20 Questions for MarketWizWannabe of RVB's Market Musings
MarketWizWannabe is a former Engineer who dreams of someday running his own hedge fund. Currently he is an MBA student in the University of Wisconsin's Applied Security Analysis Program (ASAP) . His blog is devoted to continual learning about stocks and how the markets move, because he believes that the best way to profit from the markets is to understand them from all directions.
1. Are you a value investor?
Yes, but not in the classic sense. I define “value” as a stock whose share price is too low in the market, whether it is a typical “value” or “growth” stock. I am not a big proponent of the value/growth partisan battle, because I feel that different times and different sectors call for different measures of value – it is not always a low price-to-book ratio, high yield, low P/E, etc… Often times markets underestimate the growth prospects of a company, and that can make a stock a “value” as well. And in certain sectors there are different ways to evaluate value – especially true in tech stocks.
2. What is value investing?
At the simplest level, value investing to me, is buying when the fundamentals say that the stock is significantly underpriced. The devil is in the details of my simple definition, however.

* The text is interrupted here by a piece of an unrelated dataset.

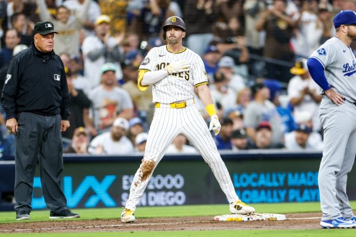 Neither starter was involved in the decision. Los Angeles’ Dustin May lasted five innings, permitting six hits and six runs, five earned, with four walks and a strikeout. San Diego’s Nick Pivetta pitched four innings and yielded five runs, four earned, off eight hits and two walks with three strikeouts.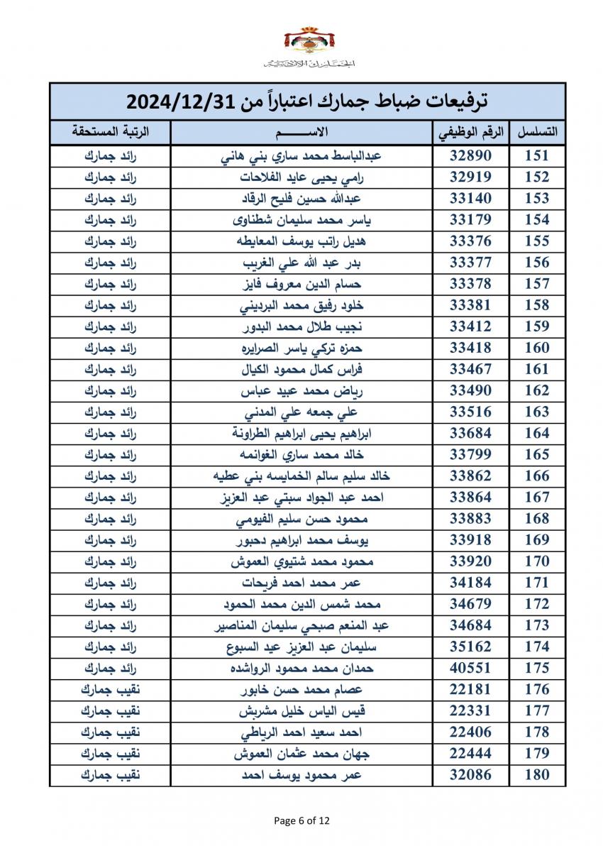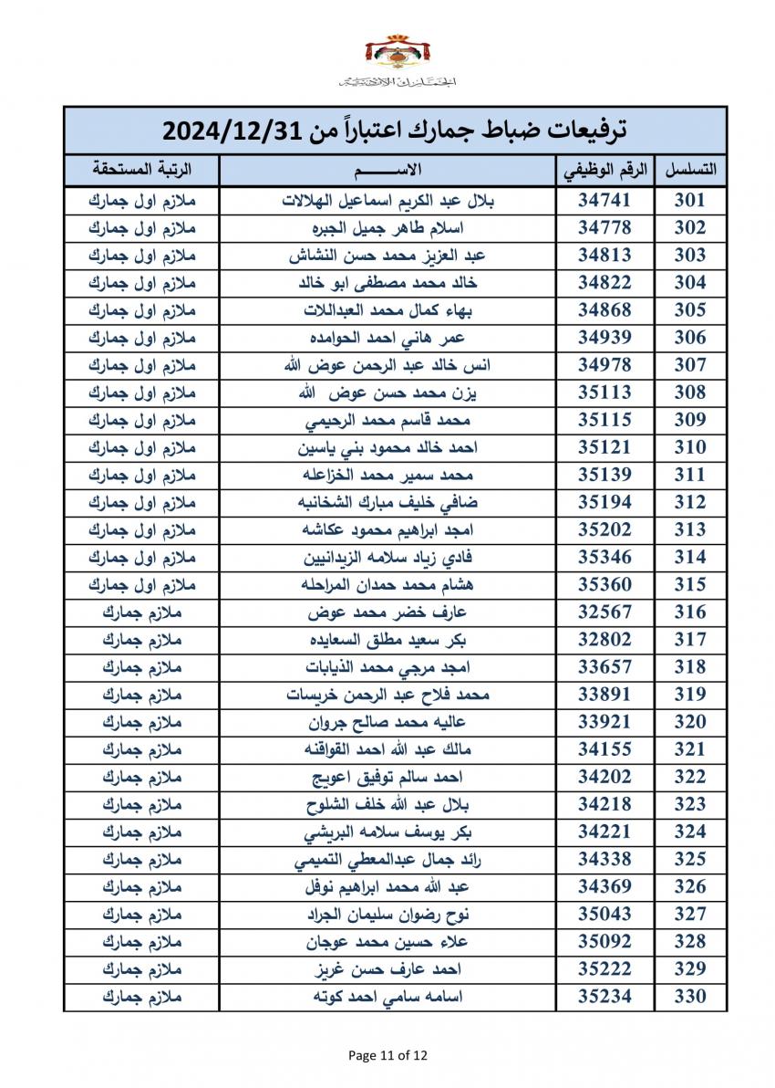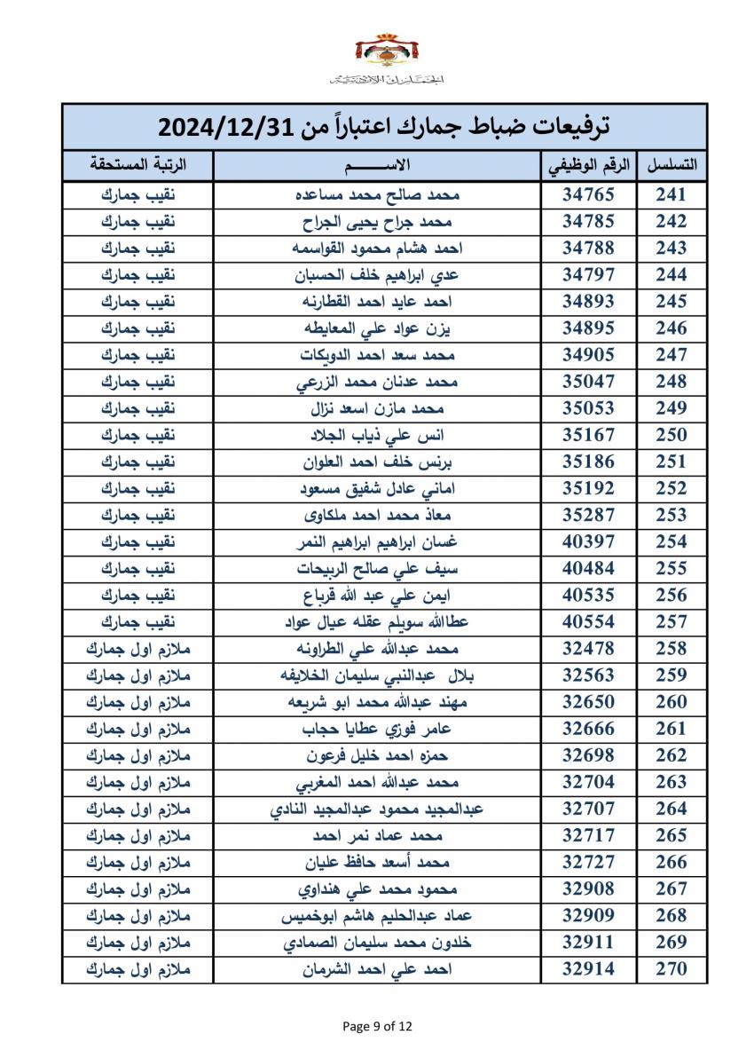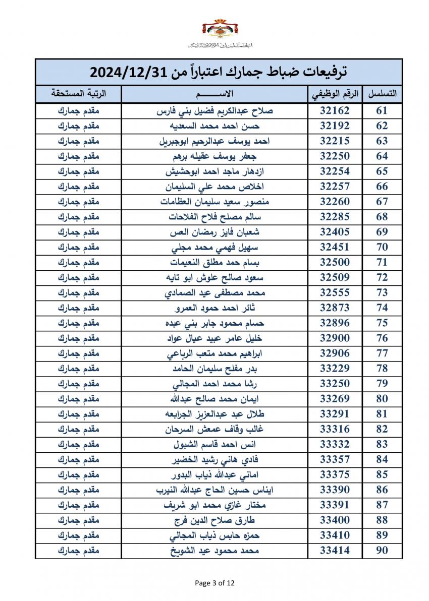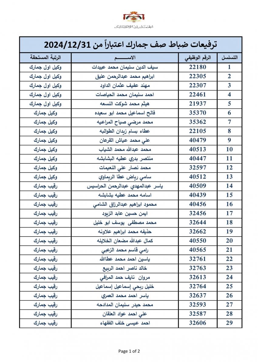 سرايا - أعلنت دائرة الجمارك الأردنية مساء اليوم الخميس، ترفيع 340 ضابطا، وعدد من ضباط الصف والافراد.

3. What is your approach to investing?
I try to stay in touch with what’s going on in the world by not living in front of the computer. By doing this, I can better understand what a company does and often times I ask people about businesses. In the retail sector, for example, my girlfriend gets asked about stores all the time. I also try not to make things too complicated. I should have an MBA and a CFA in the near future, but hopefully those things won’t hinder my ability to be a great investor. The best ideas are simple, and don’t need a discounted cash flow analysis. If you’ve ever read “The New Market Wizards”, you may have read an excerpt about the “Zen” of trading – which is a good analogy for the art of investing. That book also happens to be the source of my chosen nickname on Blogger – MarketWizWannabe.
4. How do you evaluate a stock?
The first thing I do is look at a chart, but not for the technicals like you may think. I look to see what days had impact and find out what the news was on those days. This lets me get an initial idea of what the market thinks about the companies and what drives the stock. At this point, I usually lose interest but if I am still curious, I’ll move on to the financial statements and compare the company to others in terms of profitability, ROIC, stability, etc. ROE and ROIC are important metrics for me, unless the company just has staggering growth potential and the market isn’t priced for it. I tend NOT to look for a low P/E per se, but many of my stock screens do use the P/E as a starting point. I was once told early in my investing days that a P/E below 7 usually indicates trouble for one reason or another. That number may vary from sector to sector, but the idea is an important lesson – really low P/E stocks are likely to stay there unless some kind of macro event changes the situation for its sector.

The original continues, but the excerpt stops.